Some modern reenactors, lacking experience in handling actual antique weapons or cutting extensively with accurate reproductions, have asserted that effective cuts always require a pulling or "drawing" action commensurate with the blow. While with a straight blade such an element is an inherent part of any cut (just as is focus, edge placement, grip, velocity, force, and proper coordinated body motion to follow through), it is unmistakably not a factor in either penetrating armor or delivering traumatic concussion to tissues beneath armor. The sharper the edge, the stronger or faster the blow, and the more precise the angulation of the impact all make a difference in the effectiveness of a sword cut. However, there can be no question that powerful and effective cuts using straight blades are easily performed without any appreciative drawing or slicing action. If this were not so we might strike forcibly against a person with a blunt sword or simple stick and expect not to cause injury. Yet, devastatingly hard blows can obviously be made that even cleave through unprotected flesh and bone. Impact forces cause a sword to change its motion or yield to the blow, and the easier a sword does this, the lighter the blow will be. This is the fundamental reason that a very light sword cannot deliver the same power in a blow as a heavier sword, which has more resistance to change in motion. This is why skill is integral to cutting well.
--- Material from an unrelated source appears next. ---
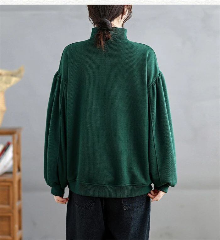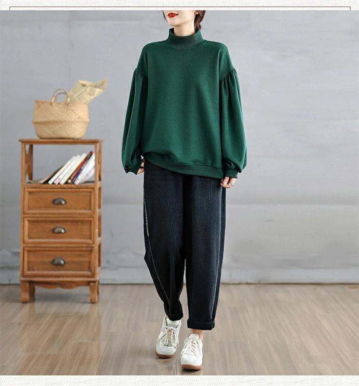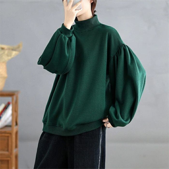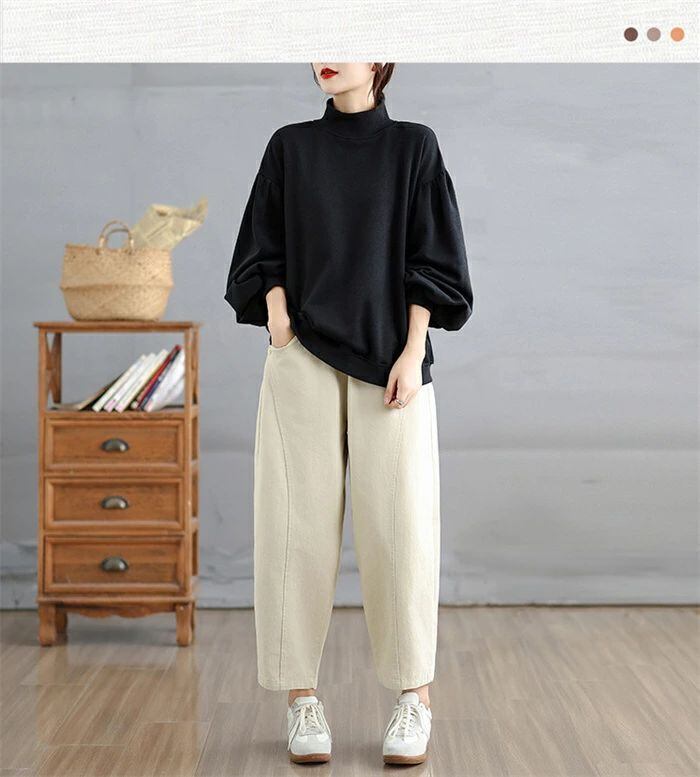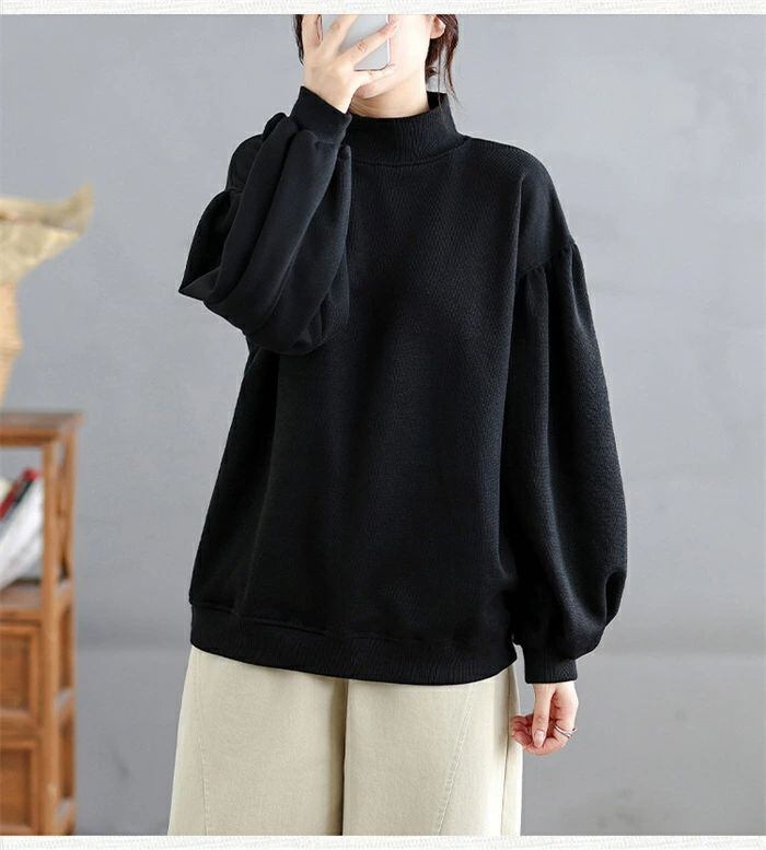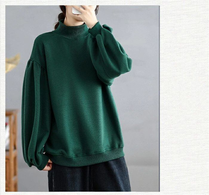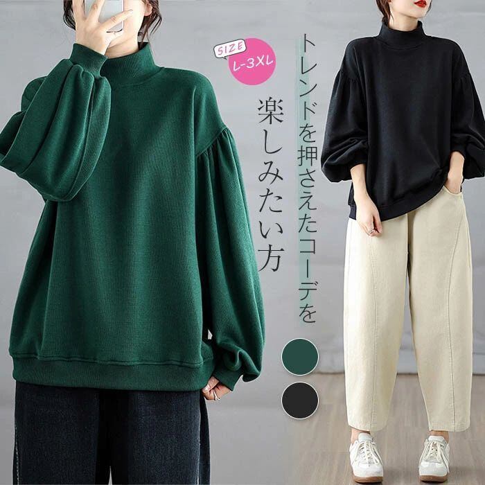 tシャツ トレーナー レディース トップス Tシャツ 長袖 きれいめ ボリューム袖 プルオーバー カットソー ビッグ ゆる ぽわん袖 バルーン袖 チュニック丈 ハイネック ベーシック ルーズ 大きいサイズ 綿 コットン ゆる感 秋 冬 こなれ感 大人 カジュアル 無地 送料無料 カジュアル オフィス ナチュラル 定番 可愛い

Of course, a really good sword even if used with mediocre technique can often still produce an effective cut, just as an expert swordsman can at times cut well with even a poor quality weapon. Different swords were designed to meet different situations, thus they did not all exist to solve the same problem or cut the same exact things and hence, were often used in somewhat different ways.

But regardless, all swords are cool.